= Paula Griffin (footballer) =

British football goalkeeper (born 1964 or 1965)

Paula Griffin (born 1964 or 1965) is a goalkeeper from Bermondsey, south-east London, England. She has played for Goal Diggers F.C., TRUK United F.C., Peckham Town F.C.'s women's team, and Clapton Community F.C. Griffin is transgender and has been open about her gender transition, motivated by a cancer diagnosis, and her experiences as a trans footballer.

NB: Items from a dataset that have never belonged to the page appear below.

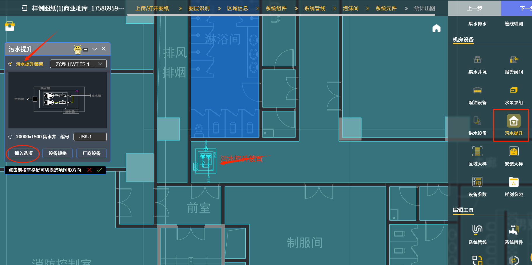 举例六:点“污水提升”图标后,下图七中在后续出现的对话框“污水提升装置”下拉菜单中选择选用的设备类型型号,然后再点击椭圆框内“插入选项”图标,系统就会把选好的污水提升装置图块插入到相应的污水提升区域,详见箭头处污水提升装置示例。该“污水提升”对话框中也可以选择““2000X1500集水井”项,这个选项是污水提升间内常见配置,集水井一般配置在污水提升装置设于地下室时。
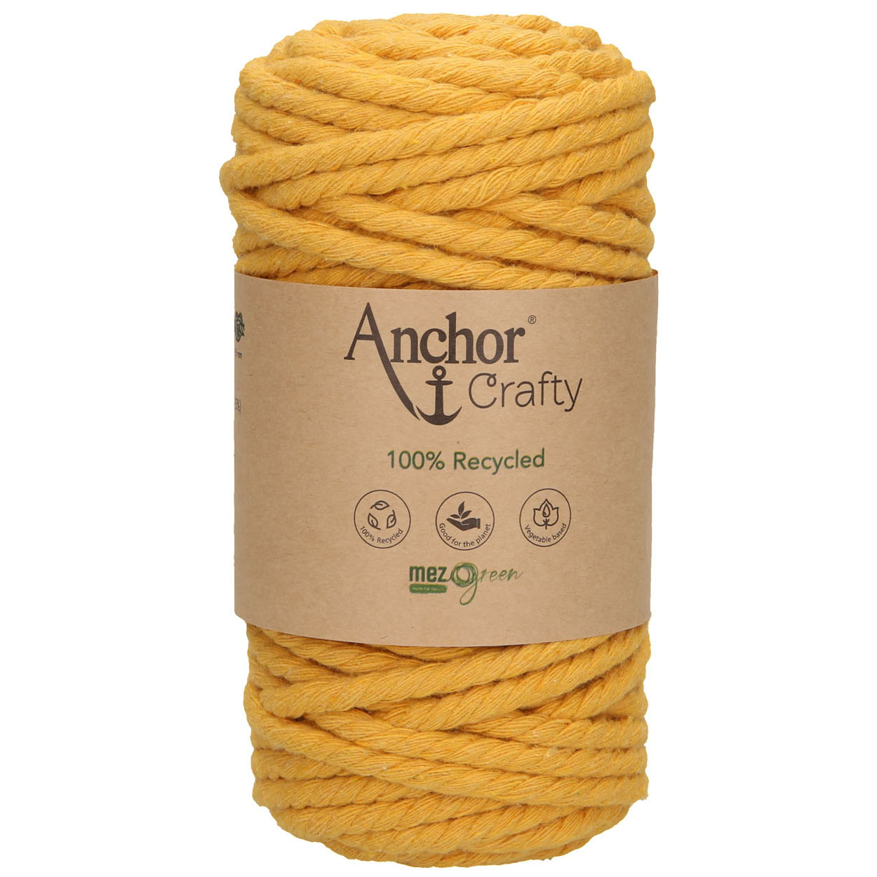 Das Kordelgarn ist ca. 5 mm dick und 3-fach gedreht. Es ist weich im Griff und angenehm zu verarbeiten, ideal für schnelle und einfache Projekte, darüber hinaus sehr gut für Anfänger geeignet. Aufgrund der Drehung kann Anchor Crafty auch leicht aufgedreht und gefranst werden, was speziell bei Macramee-Projekten einen attraktiven Federeffekt bewirkt.
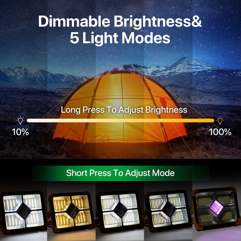 - [5 ADJUSTABLE BRIGHTNESS MODES]: Solar rechargeable work light provides 5 lighting modes - Mode 1. warm white; Mode 3. high brightness warm white; Mode 4. medium warm white; Mode 5. red/blue strobe. It meets long-term lighting needs and displays power levels of 25%, 50%, 75% and 100%. Switch use - short press to select mode, long press to turn off
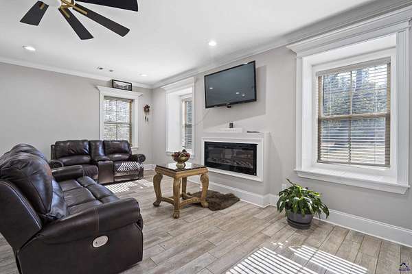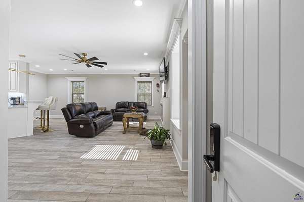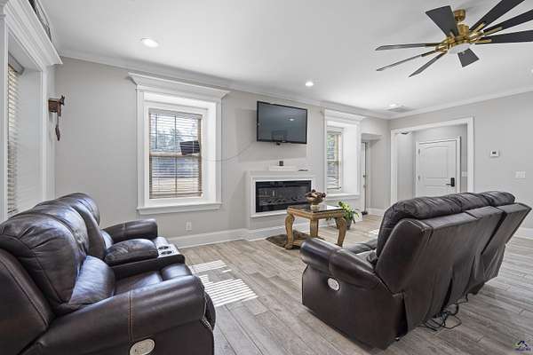 Discover country charm with modern living at 131 Ben Edwards Rd! This custom-built barndominium sits on a beautiful 1.7-acre lot—tucked away for privacy, yet just minutes from shopping, dining, and everyday conveniences. A gorgeous inviting driveway with brick and wood landscaped fencing and gate welcomes you home. Gated entrance and fence is lighted at night. The main level features a spacious 4000', 20+ ceiling height, three roll up doors, foam-insulated garage with an office and half bath, overhead lighting and speakers—perfect for working from home or running a small business. The options for this space are endless. Inside, you’ll find an open and airy living area with abundant natural light, a gorgeous kitchen with granite countertops, raised bar, and plenty of cabinet space. The primary suite is conveniently located on the main floor and includes a full bath for comfort and ease. Living area downstairs with spacious open floor plan including electric fireplace. Home is serviced by tankless water heater. Upstairs, enjoy a large second living area along with three generous bedrooms and two full baths. This property blends functionality, comfort, and style—offering the perfect retreat with room to grow! Don't miss out on the opportunity to own this one of a kind property. Schedule your showing today.

== Early life and career ==
Griffin has said that she knew her gender did not correspond to her sex since she was a child, though due to the people around her she believed she could not come out despite having a few opportunities to do so. She had a "major breakdown" when she was young, and as a result returned to her Cornwall home where her mother introduced her to a transgender friend. Griffin later returned to London. She struggled with this issue for several decades, and developed heavy drinking and chain smoking habits, becoming a "workaholic" in her recruitment job. From the 1990s, she was a volunteer in several different roles for Dulwich Hamlet F.C.. Around 2000, she stopped playing football.

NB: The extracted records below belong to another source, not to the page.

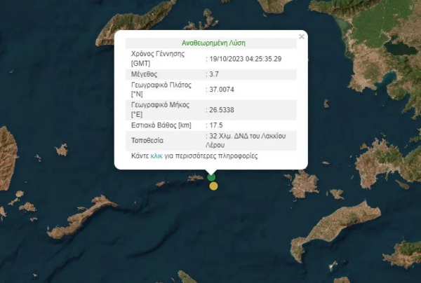 Σεισμός 3,7 βαθμών την κλίμακας Ρίχτερ σημειώθηκε σήμερα τα ξημερώματα ανοικτά της Λέρου.
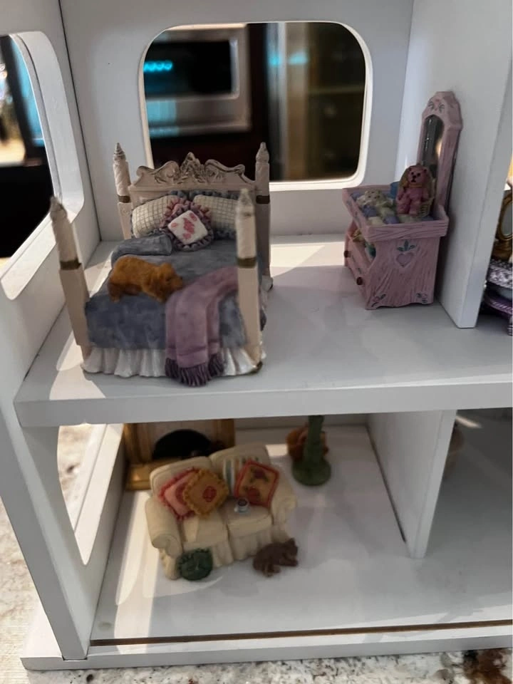 This is a very rare Vintage Avon Dollhouse, produced between 2000 and 2008. It comes with all 20 pieces of miniature furniture shown in the picture. The furniture pieces are made of solid resin, giving most of them a substantial weight, though some pieces are more delicate.
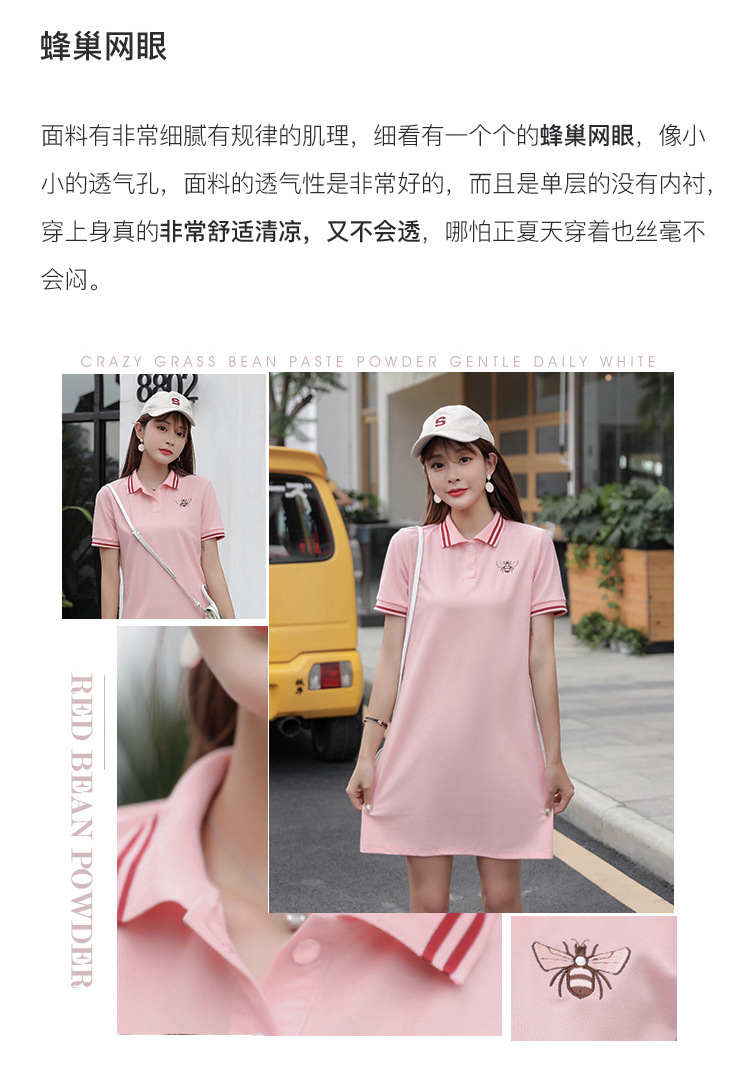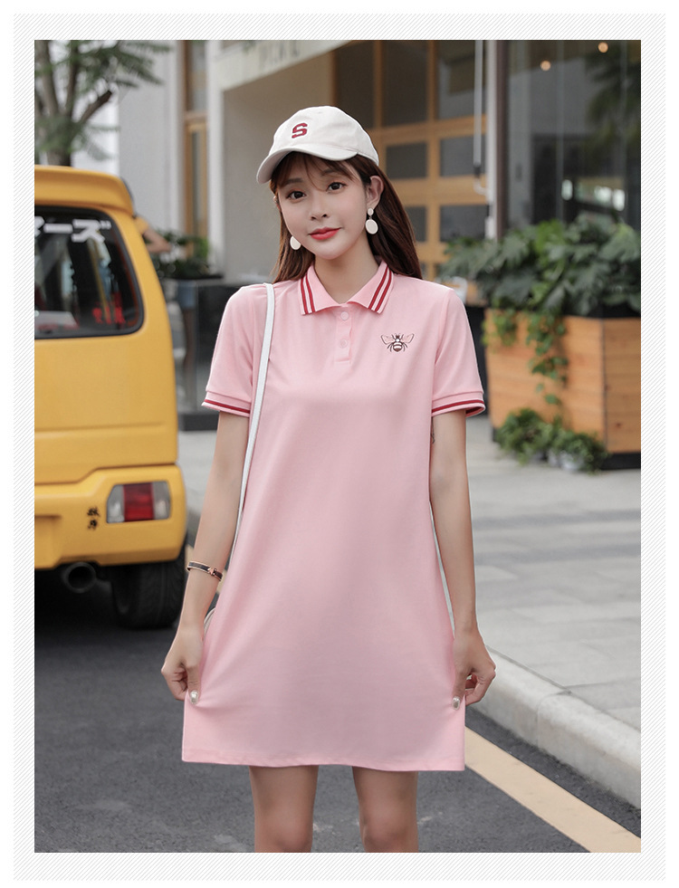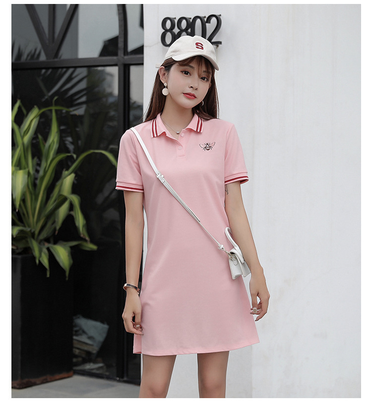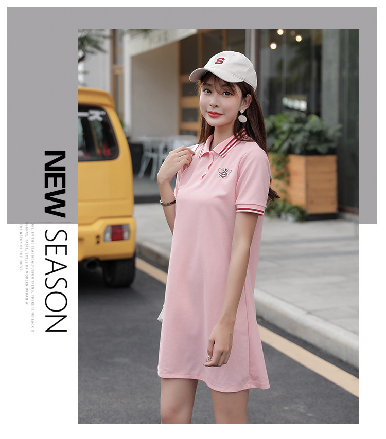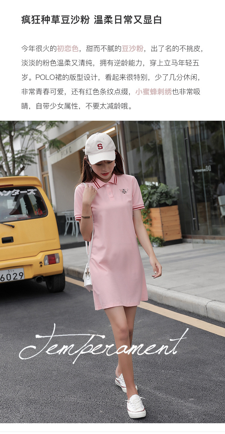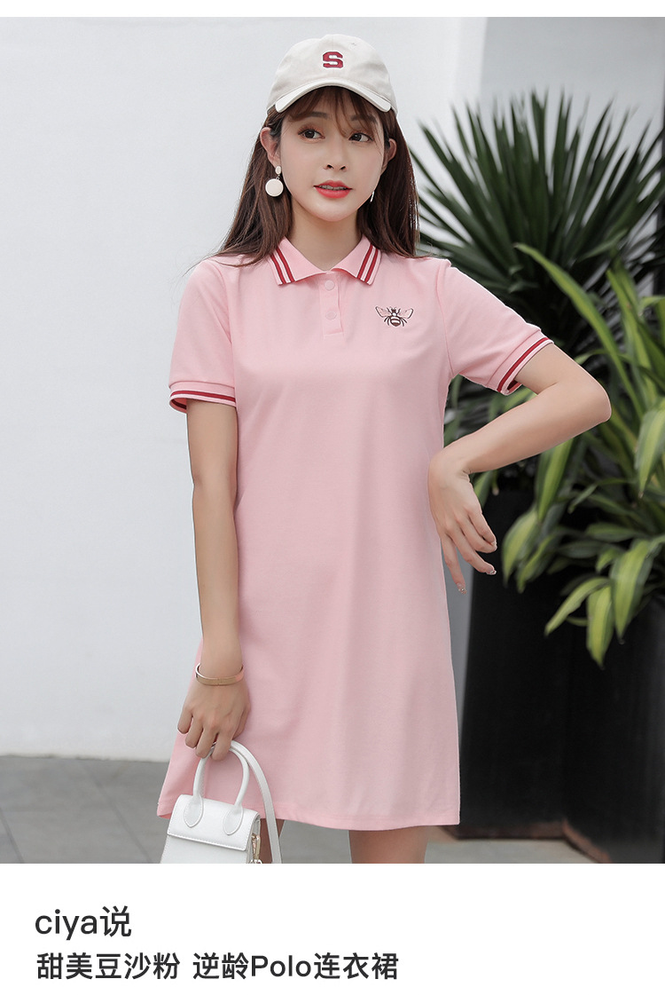 2019夏季新款短袖直筒Polo領歐美風連衣裙蜜蜂繡花裙子女

=== Cancer diagnosis and transition ===
In 2017, Griffin was subject to a stage-three bladder cancer diagnosis, and as a result was immediately admitted to hospital. She has stated that this diagnosis was a "wake-up call" which motivated her to admit to herself that she was transgender and remove the aspects of her life that she believed had caused her cancer. She stopped her smoking and heavy drinking, underwent surgery, and after a recovery period of six months during which she had time for reflection, began a process of gender transition in 2019, which took around a year. She also changed jobs as a result of the diagnosis.

== Football career ==
In 2021, Griffin initially approached Goal Diggers F.C. after seeing a tweet from them. She was playing for Goal Diggers by that summer, as well as Peckham Town F.C.'s women's team by December that year. By this time, Griffin had been on a waiting list at a gender identity clinic for the past two and a half years. Her first game with Peckham was on Clapham Common, at which she was subject to transphobic comments from two teenage boys. She received a passport recognising her as female in 2022. Struggling early on, she also joined the all-transgender club TRUK United F.C. and in 2022 as part of this team she took part in the first match between an all-trans women's side and a women's team from the Football Association pyramid; the Dulwich Hamlet F.C. women's team. In August 2022 she was still playing for TRUK United, Gold Diggers, and Peckham Town Women; she was awarded Coaches' Player of the Year at the latter.

By April 2025, Griffin was goalkeeper for Clapton Community F.C., Goal Diggers, and Peckham Town Women. On 27 July 2025 at Hyde Park, Griffin was expected to run Cancer Research UK's Race for Life, sounding its starting buzzer. Responding to the Football Association's rule change prohibiting transgender women from playing in women's games, Griffin said that "I didn't transition to play women’s sports, I play women's football because I transitioned."

== Personal life ==
Paula Griffin had an older sister, Kerry, who died while Paula was in surgery. Kerry had been receiving chemotherapy for colorectal cancer. In October 2022, Griffin said that a male security guard at a McDonald's restaurant followed her to the toilet and asked her to "prove" that she was female with her passport.